Note: this was converted from LaTeX to Markdown using ChatGPT 4.1. The original PDF can be found here along with the bibliography.

Exercise 6: GNU/Linux - Securing active components

Laboratory protocol
Exercise 6: GNU/Linux - Securing active components

Table of Contents

• Task definition
  • Task 0 - Preparation
  • Task 1 – Installing a Web Server
  • Task 2 – Securing with Basic Authentication
  • Task 3 – Encrypting with HTTPS
  • Bonus Task – Local DNS Setup (Optional)
• Summary
• Complete network topology of the exercise
• Exercise Execution
  • Preparation
    • Testing the SSH connectivity
    • Changes to the Docker setup
  • Installing an active component
    • Setting up PHP-FPM with Nginx
  • Securing Nginx with Basic Authentication
    • Creating a Password File
    • Configuring the authentication in Nginx and testing it
  • Configuring HTTPS with Self-Signed Certificates
  • Adding a Domain
• References

Task definition

Task 0 - Preparation
Ensure your server from Exercises 4 and 5 is configured with SSH. Verify that you can connect to the server via SSH using a client with a GUI.

Task 1 – Installing a Web Server
Install a web server (e.g., Apache or Nginx) and deploy a static HTML page displaying your group number, team members, and an AI-generated image. (Bonus: Deploy a dynamic PHP page.) Demonstrate access to the page from a client browser.

Task 2 – Securing with Basic Authentication
Set up Basic Authentication on the server. Create user accounts in the format nnv-webuser and for your instructors (e.g., zivk-webuser). Demonstrate authentication functionality. (Bonus: Capture the password using Wireshark.)

Task 3 – Encrypting with HTTPS
Enable HTTPS with a self-signed certificate, including your group number. Demonstrate encrypted access and explain potential issues. Install the certificate on a client to show why this action is not required in the public internet.

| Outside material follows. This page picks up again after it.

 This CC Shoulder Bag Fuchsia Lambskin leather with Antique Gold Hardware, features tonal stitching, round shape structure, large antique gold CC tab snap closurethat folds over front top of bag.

Bonus Task – Local DNS Setup (Optional)
Set up DNS on the server using bind9 for local access via xxx.itsi3.local. Demonstrate DNS resolution and access the website by domain name.ChatGPT¹

Summary

As preparation for the exercise, I optimized the Docker workflow by using Docker Compose for easier management, improved the readability of the Dockerfile, and, most importantly, created a .env file along with a build script that utilizes it, so I no longer hardcode my passwords in the Dockerfile. Additionally, I disabled password authentication and now copy the authorized_keys file into the container, allowing for key-based authentication from the start and enabling me to disable password authentication.

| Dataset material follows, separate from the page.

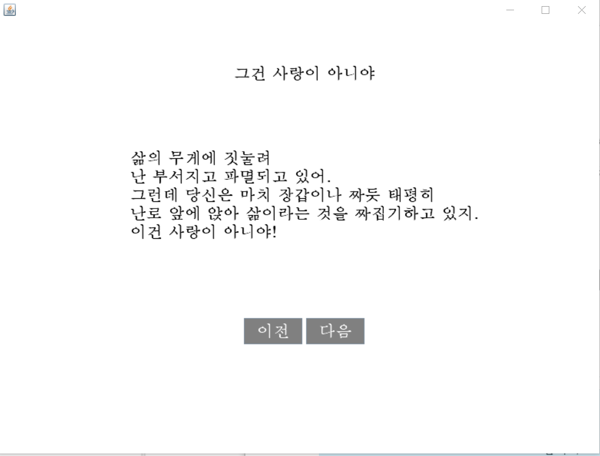 시의 제목인 poemTitle(JLabel), 시의 내용인 poemContent(JTextArea), 이전버튼과 다음버튼을 뜻하는 backButton, frontButton(JButton) 객체를 선언한다.

We need to install a web server, for which I chose nginx. I used it in conjunction with php-fpm to deploy a dynamic PHP webpage. The webpage includes our group number, names, and an AI-generated image. However, since this information should only be accessible with credentials, I implemented Basic Authentication to secure it. For this, the apache2-utils package was used to generate a .htpasswd file containing the credentials.

We demonstrated with Wireshark that the credentials were transmitted in plain text while using HTTP. To address this, a self-signed SSL certificate was generated using openssl, with the group number included in the OU field of the certificate. The server was then configured to use HTTPS. We showed that the credentials could no longer be read with Wireshark, as the traffic was now encrypted.

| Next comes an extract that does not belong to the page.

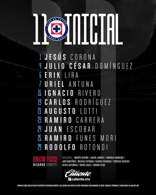 Cruz Azul: J. Corona; J. Escobar, R. Funes, J. Domínguez; J. Martínez, E. Lira, I. Rivero, C. Rotondi; C. Antuna, A. Lotti, C. Rodríguez.

Lastly, we set up a domain, created a DNS record to point to the server, and generated a proper SSL certificate with Let’s Encrypt, ensuring it is trusted and does not display a warning in the browser.

Complete network topology of the exercise

Exercise Execution

Preparation

The requirements for this exercise are a headless Linux server with hardened SSH, which only allows connections via key pairs. However, I removed the OTP authentication added in the last exercise, as it was overkill for this use case and became a burden to use.

Testing the SSH connectivity

Changes to the Docker setup

To improve the quality of life when working on this project, I switched from aliasing a long and hard-to-read run command to using Docker Compose, which allows you to define and run multi-container applications. Since it’s in a YAML file, it is more readable and easier to work with, even in this use case where I only have one container.Docker-Compose²

services:
    webserver:
        container_name: itsi
        image: itsi:latest
        restart: no
    ports:
        - "38452:38452"
        - "80:80"
        - "443:443"

Furthermore, instead of having all of the credentials in the Dockerfile, I created a .env file in which the passwords are set. To utilize that, I made a build script that passes the variables from the file to the Dockerfile.docker-arg³

#!/bin/bash
export $(cat .env | xargs)

docker buildx build -t itsi:latest\
	--build-arg ROOT_PW=$ROOT_PW \
	--build-arg RAM_WEBUSER_PW=$RAM_WEBUSER_PW \
	--build-arg ZIVK_WEBUSER_PW=$ZIVK_WEBUSER_PW \
	--build-arg RAM_FUS_PW=$RAM_FUS_PW \
	--build-arg RAM_RAM_PW=$RAM_RAM_PW \
	--build-arg RAM_ALOIS_PW=$RAM_ALOIS_PW \
	--build-arg RAM_CHRIS_PW=$RAM_CHRIS_PW \
	--build-arg RAM_BERTA_PW=$RAM_BERTA_PW .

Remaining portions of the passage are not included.